We want to list every possible order of the items in an array by swapping elements step by step.

Analogy: Imagine you have 3 different colored balls and want to see all ways to arrange them in a row by swapping their positions.

Array: [1, 2, 3]
Indexes:  0  1  2
Start with first index and swap with each possible index to create new orders.

Dry Run Walkthrough

Input: array: [1, 2, 3]

Goal: Generate all possible orders of the array elements

Step 1: Start with index 0, swap element at 0 with 0 (no change)

[1, 2, 3]

Why: Begin permutations by fixing first element and permuting the rest

Step 2: Move to index 1, swap element at 1 with 1 (no change)

[1, 2, 3]

Why: Fix second element and permute remaining elements

Step 3: Move to index 2, reached end, record permutation [1, 2, 3]

[1, 2, 3]

Why: Base case: one permutation completed

Step 4: Backtrack to index 1, swap element at 1 with 2

[1, 3, 2]

Why: Swap to create new permutation branch

Step 5: Move to index 2, reached end, record permutation [1, 3, 2]

[1, 3, 2]

Why: Base case: another permutation completed

Step 6: Backtrack to index 0, swap element at 0 with 1

[2, 1, 3]

Why: Change first element to generate new permutations

Step 7: At index 1, swap element at 1 with 1 (no change)

[2, 1, 3]

Why: Fix second element and permute rest

Step 8: At index 2, reached end, record permutation [2, 1, 3]

[2, 1, 3]

Why: Record new permutation

Result:

[1, 2, 3]
[1, 3, 2]
[2, 1, 3]
[2, 3, 1]
[3, 1, 2]
[3, 2, 1]

Annotated Code

DSA Typescript

class Permutations {
  private results: number[][] = [];

  public generate(nums: number[]): number[][] {
    this.backtrack(nums, 0);
    return this.results;
  }

  private backtrack(nums: number[], start: number): void {
    if (start === nums.length) {
      this.results.push([...nums]); // record current permutation
      return;
    }

    for (let i = start; i < nums.length; i++) {
      [nums[start], nums[i]] = [nums[i], nums[start]]; // swap to fix element at start
      this.backtrack(nums, start + 1); // permute remaining elements
      [nums[start], nums[i]] = [nums[i], nums[start]]; // swap back to restore
    }
  }
}

const perm = new Permutations();
const input = [1, 2, 3];
const output = perm.generate(input);
for (const arr of output) {
  console.log(arr.join(", "));
}

if (start === nums.length) {

Base case: all positions fixed, record current permutation

this.results.push([...nums]);

Save a copy of current permutation

[nums[start], nums[i]] = [nums[i], nums[start]];

Swap to fix element at current start index

this.backtrack(nums, start + 1);

Recurse to fix next position

[nums[start], nums[i]] = [nums[i], nums[start]];

Swap back to restore original array for next iteration

OutputSuccess

1, 2, 3 1, 3, 2 2, 1, 3 2, 3, 1 3, 1, 2 3, 2, 1

Complexity Analysis

Time: O(n! * n) because there are n! permutations and copying each permutation takes O(n)

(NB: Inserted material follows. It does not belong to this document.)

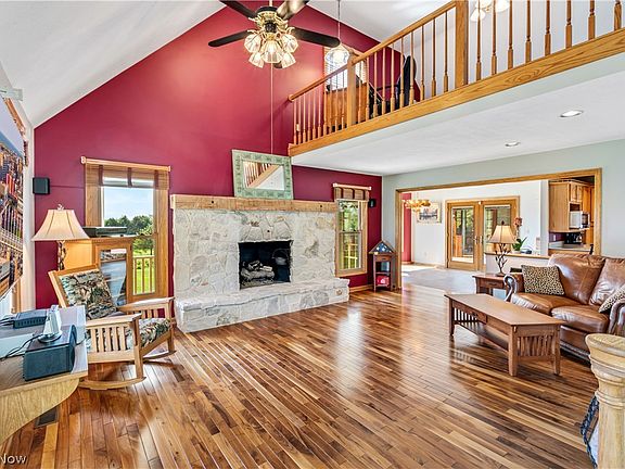 Basking in nature's elegance, this beautiful almost 8 acre property offers spacious and private living both inside and out. Spanning the entire length of the house, the welcoming wrap around front porch sets the tone of the home ~ a perfect blend of comfort with peaceful luxury. Built by Steve Martin, the living room greets you with soaring ceilings, a stunning stone gas fireplace and gorgeous black walnut wood flooring. The dining room boasts a bay of windows bringing the beauty of this stunning property indoors while also providing access to the massive outdoor wrap around deck, screened in gazebo and your private backyard oasis. This thoughtfully designed space, with it's proximity to the fully applianced kitchen creates a dream enviroment for entertaining. Not to be outdone, the walk-in closet, en suite bath and maple harwood flooring of the first floor master suite create a perfect blend for serene relaxation. A half bath and nicely sized laundry room round out the first flo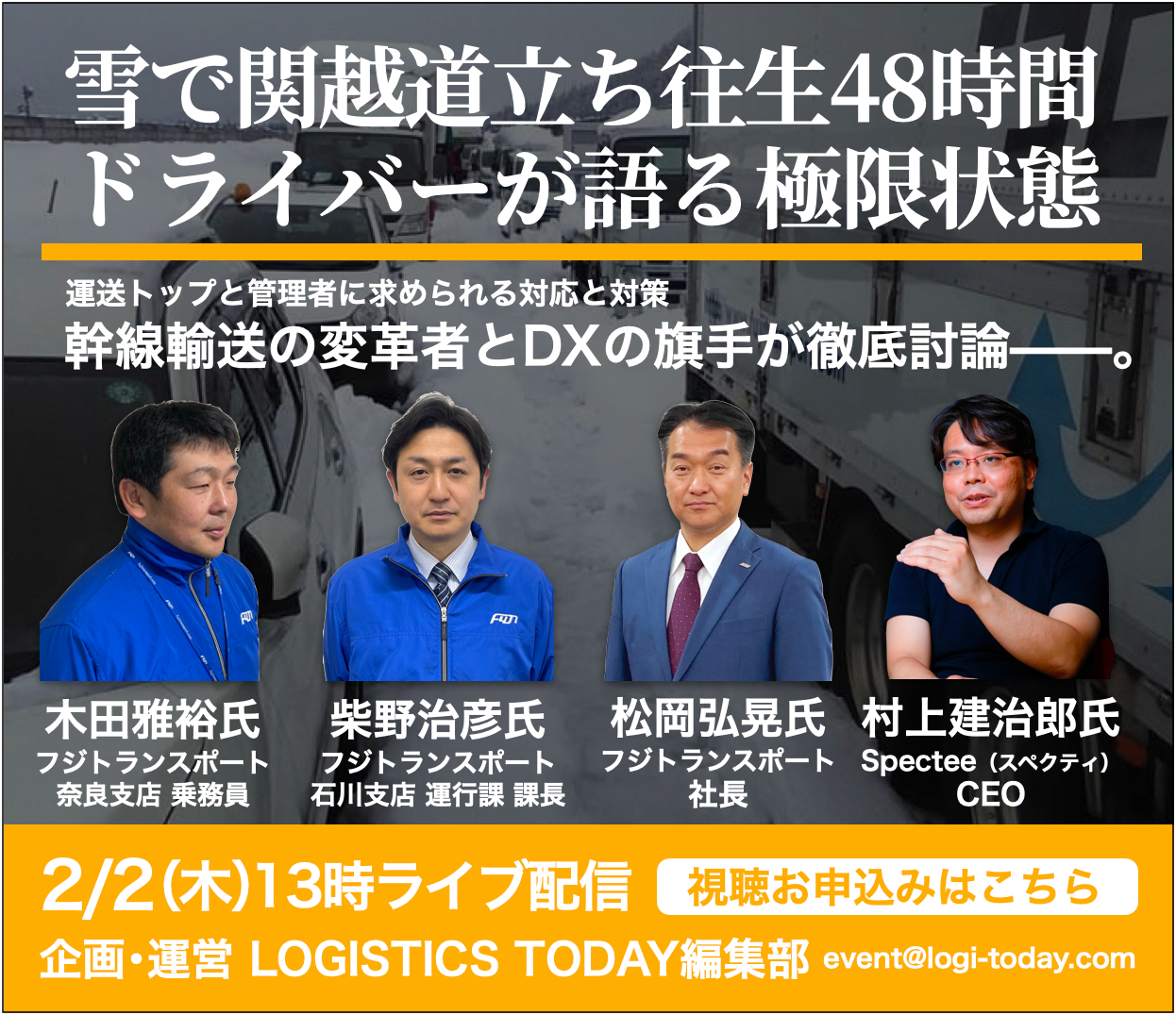 雪・台風・地震・火事・交通事故などの自然災害や事故が発生し、運送トラックの立ち往生や輸送混乱を引き起こす事態が年々増加しています。イベントでは、頻発する災害・事故に対し、物流事業者ができることは何か、被害を経験したドライバーや運行を管理する立場から物流現場のリアルを語り、テクノロジーで危機情報を可視化・被害リスクを予測するスペクティが、運送時における防災テックの可能性を提示します。

Space: O(n) for recursion stack plus O(n! * n) for storing all permutations

vs Alternative: Compared to generating permutations by building new arrays each time, swapping in place reduces extra space but still requires factorial time due to permutation count

Edge Cases

empty array []

returns [[]] as the only permutation (empty permutation)

DSA Typescript

if (start === nums.length) {

array with one element [5]

returns [[5]] as the only permutation

DSA Typescript

if (start === nums.length) {

array with duplicate elements [1, 1]

returns all permutations including duplicates, e.g. [1,1] and [1,1]

DSA Typescript

for (let i = start; i < nums.length; i++) {

When to Use This Pattern

When asked to list all possible orders or arrangements of items, use backtracking with swapping to generate permutations efficiently.

Common Mistakes

Mistake: Not swapping back after recursive call, causing incorrect array state
Fix: Always swap back after recursion to restore original order for next iteration

Mistake: Pushing reference to nums instead of a copy, causing all results to be the same
Fix: Push a copy of the array using spread operator or slice

Summary

Generates all possible orders of an array by swapping elements recursively.

Use when you need every arrangement of items, like permutations in puzzles or combinations.

The key is to fix one element at a time by swapping and backtracking to explore all options.